▸ Data extracted from a collection
╔══

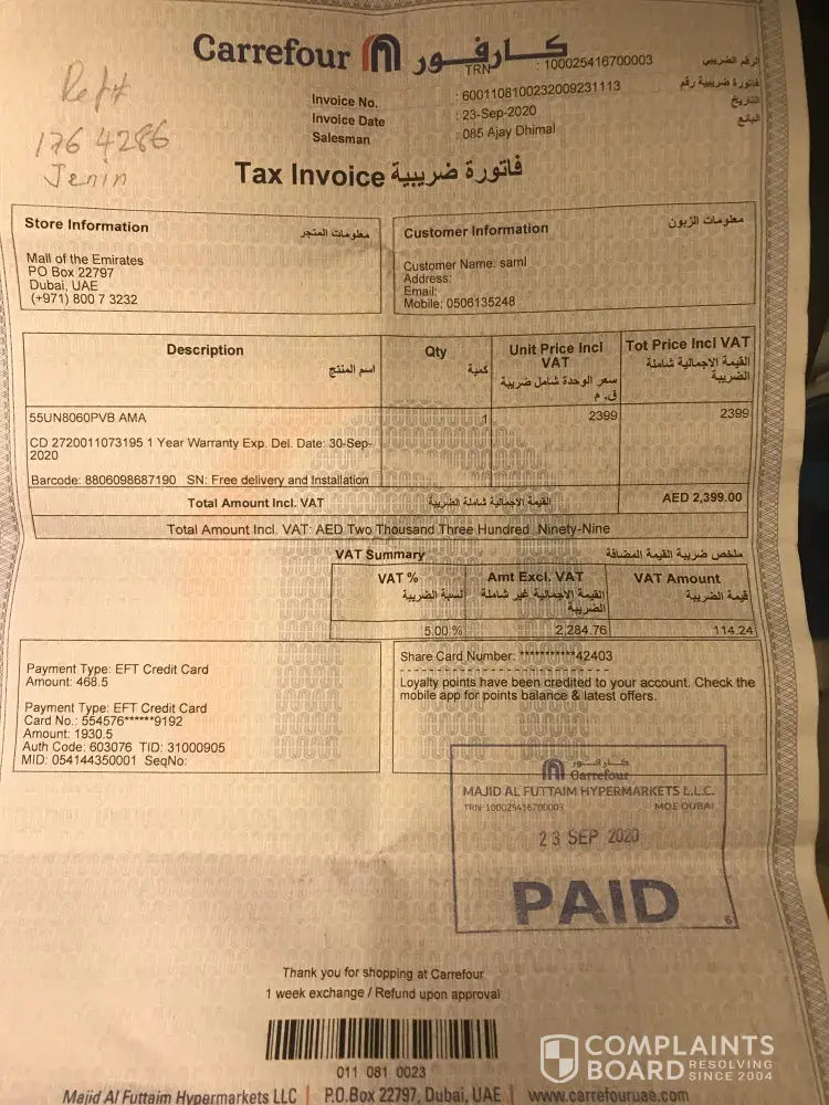 23rd september 2020, bought 55"lg tv and I was told the price includes free delivery and installation in a week. 30th september the box was delivered but was told that lg will do the installation later! I am struggling ever since and finally carrefour customer care told me it may take another week. Salesperson lied to me
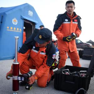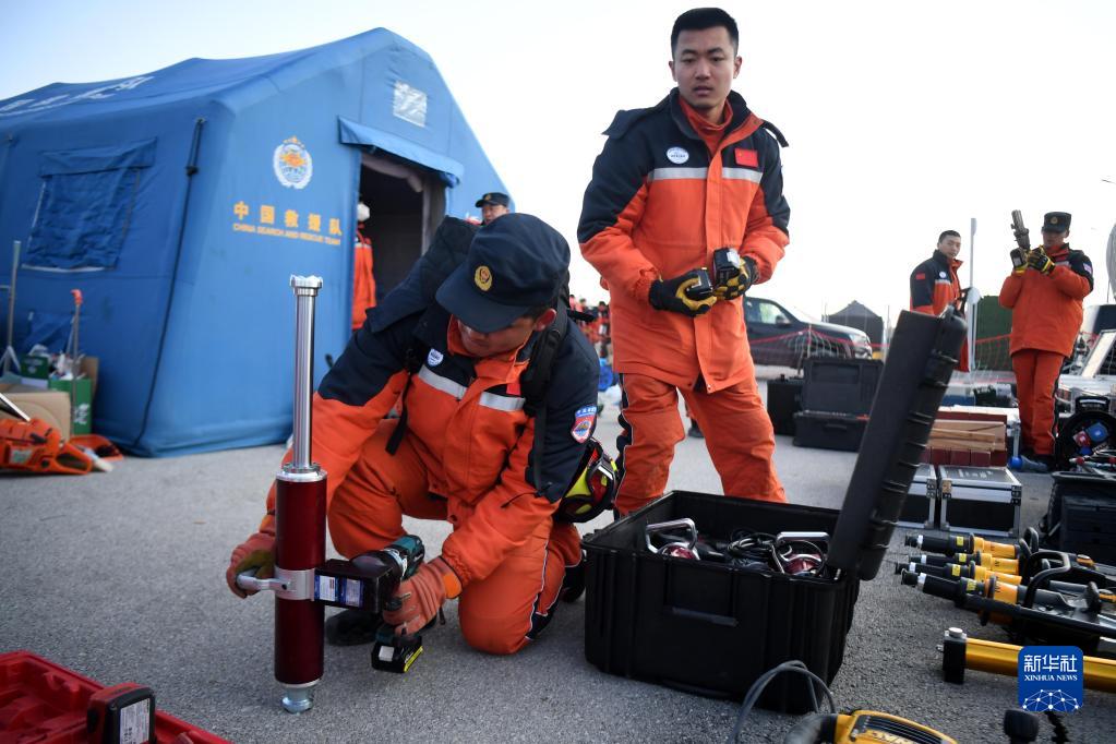 2月11日,在位于土耳其哈塔伊省哈塔伊體育館外的中國救援隊營(yíng)地,救援隊隊員檢查設備。
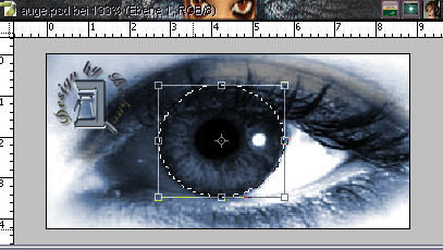 3) Neue Ebene erstellen und mit der Auswahlellipse und gedrückter SHIFT Taste eine Auswahl um das Auge ziehen, über Auswahl-> Auswahl transformieren können wir die Auswahl positionieren und die Größe anpassen
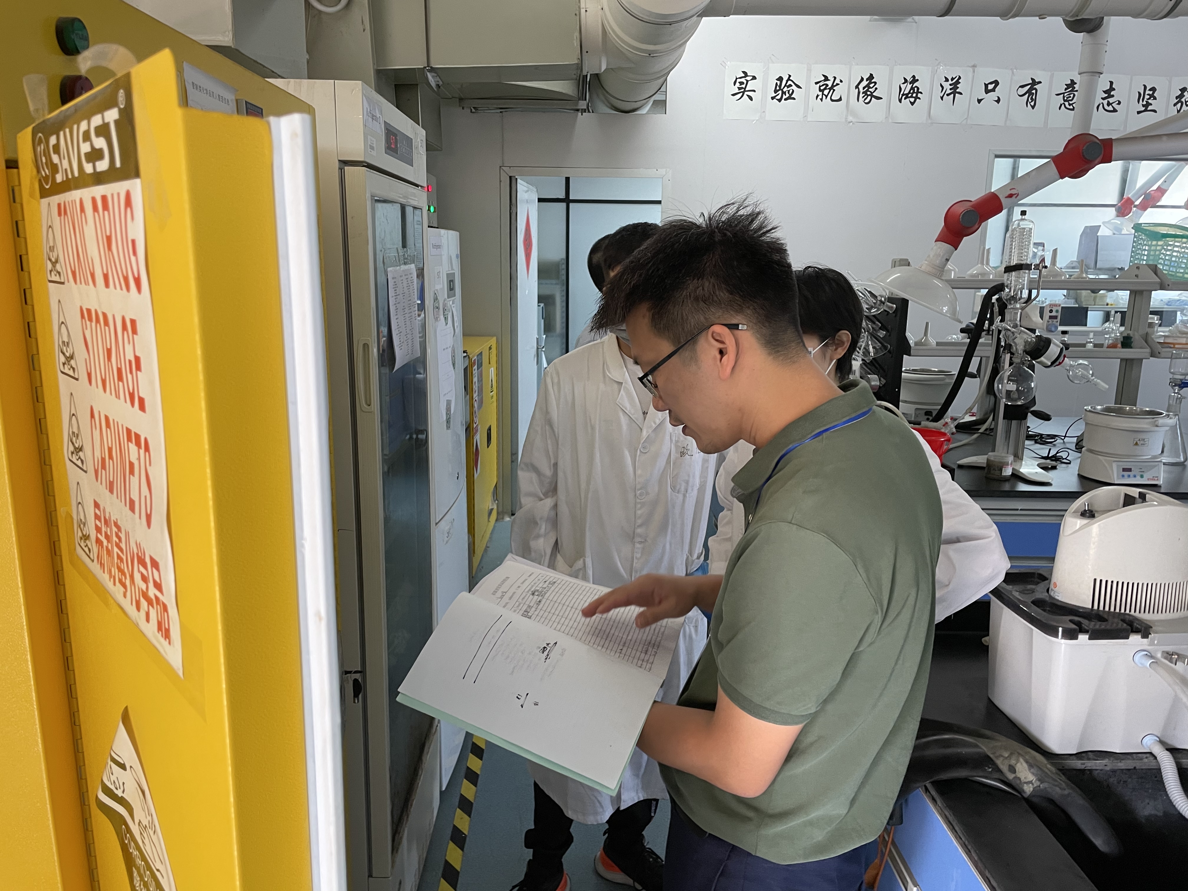 检查小组对照《高等学校实验室安全检查项目表》中各项安全检查项目逐一排查,对各个实验室的风险源管理、危化品台账记录、水与电安全以及卫生清洁情况进行重点排查,并逐一进行登记。经检查,发现猫都论坛 各实验室管理工作整体上保持良好,实验室环境整洁、水电使用规范、消防疏散通道顺畅、危化品使用和登记规范。同时,本次实验室检查也发现了一些安全隐患,对于存在的一些问题,实验中心已通知相关实验室并要求其按期整改。检查中,卢宇靖一再强调做好实验室安全工作的重要性,要求各实验室严格落实安全管理以确保实验室的安全环境。
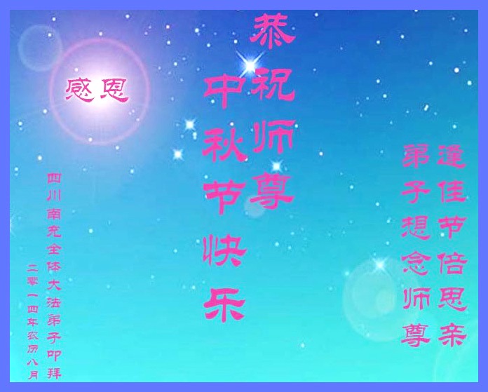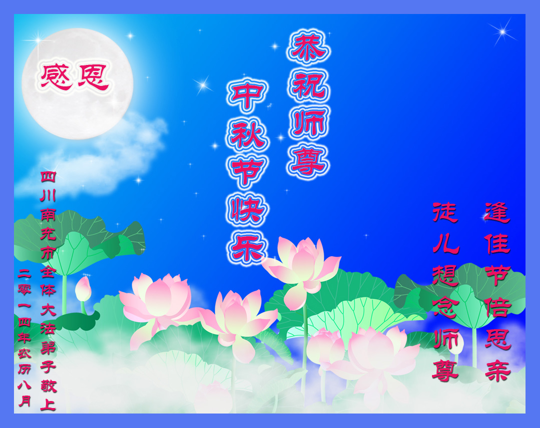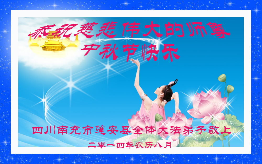 師父好!師父辛苦了!四川省達州市全體大法弟子恭祝慈悲、偉大的恩師中秋佳節快樂!
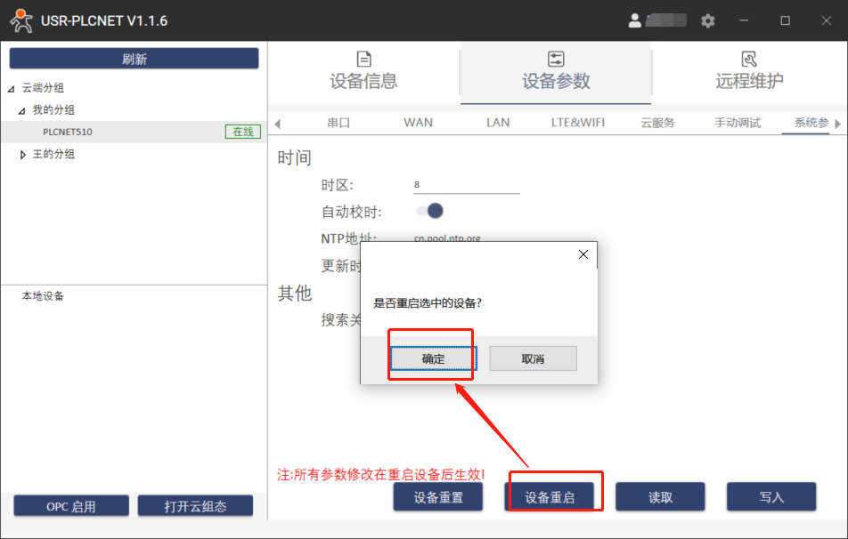 l 重啟設備(設備內(nèi)參需要重啟才能生效)
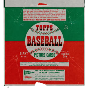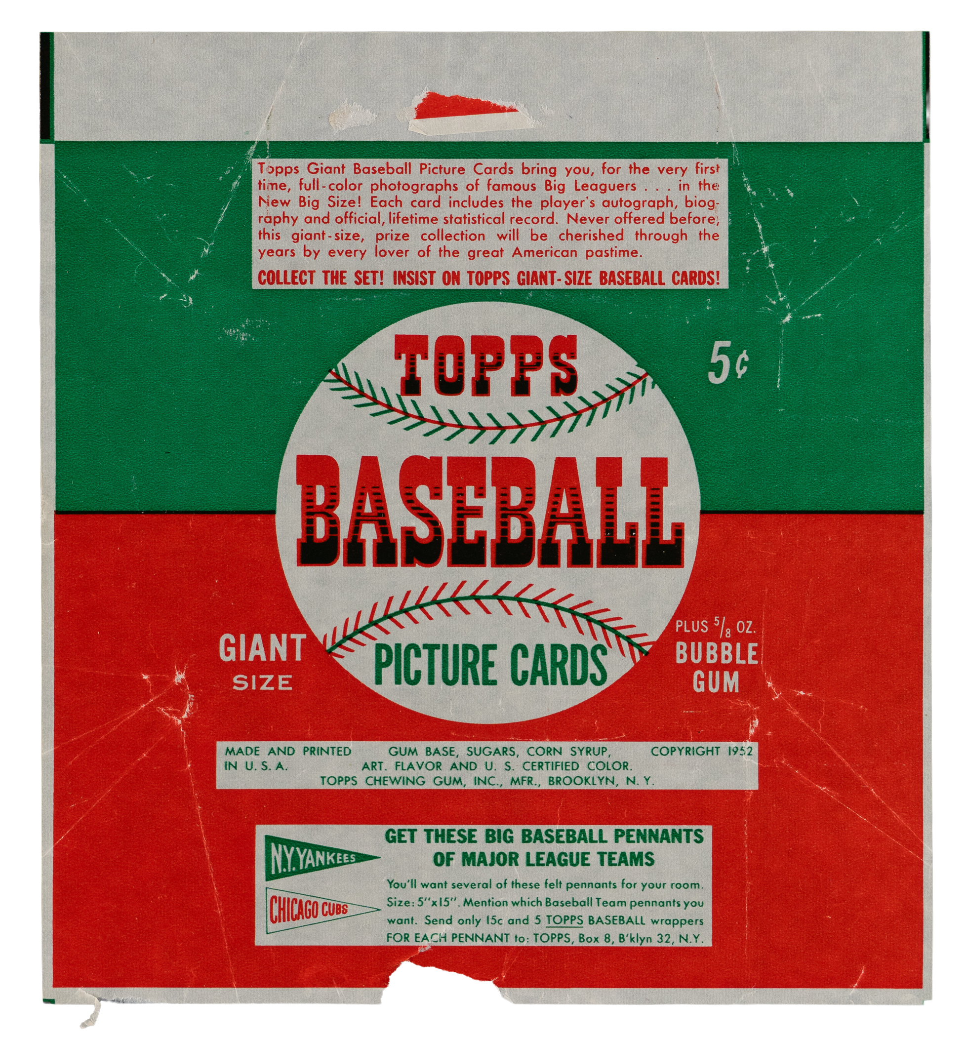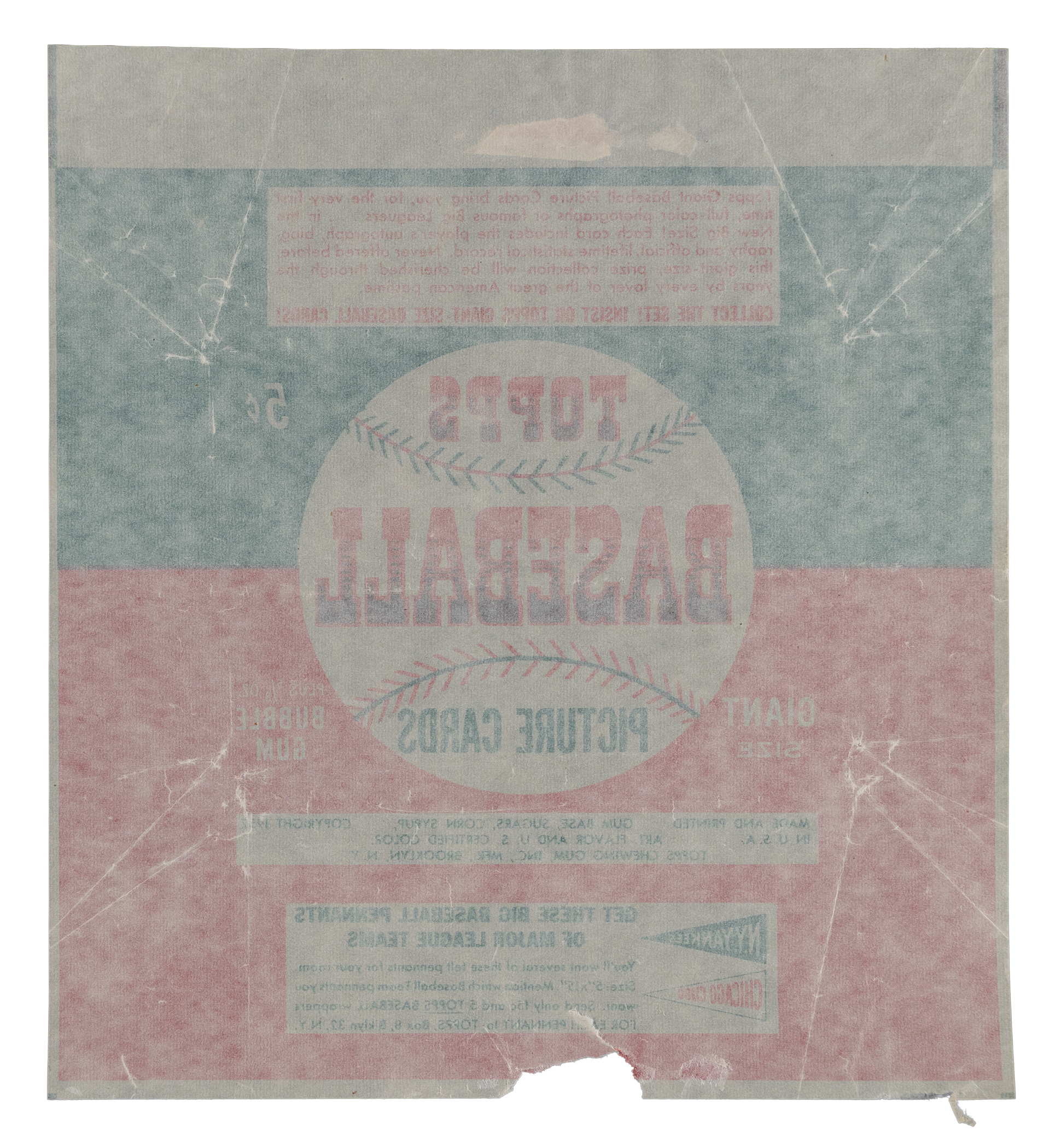 What cards this could have held?! Sy Berger's brainchild is realized with the offered 1952 Topps five-cent wrapper. While this "giant size" artifact with the "big baseball pennants" promotion displays a missing chunk along the bottom edge, the waxy surface is otherwise crisp with bold period advertising graphics.

╚══

▸ GOAL OF THE EXERCISE
What is needed is an exact retyping of the lines from the start of the data through the line with "2月11日,在位于土耳其哈塔", with both end lines kept and every picture left out.

▸ OUTPUT FOR THIS TASK
 23rd september 2020, bought 55"lg tv and I was told the price includes free delivery and installation in a week. 30th september the box was delivered but was told that lg will do the installation later! I am struggling ever since and finally carrefour customer care told me it may take another week. Salesperson lied to me
 2月11日,在位于土耳其哈塔伊省哈塔伊體育館外的中國救援隊營(yíng)地,救援隊隊員檢查設備。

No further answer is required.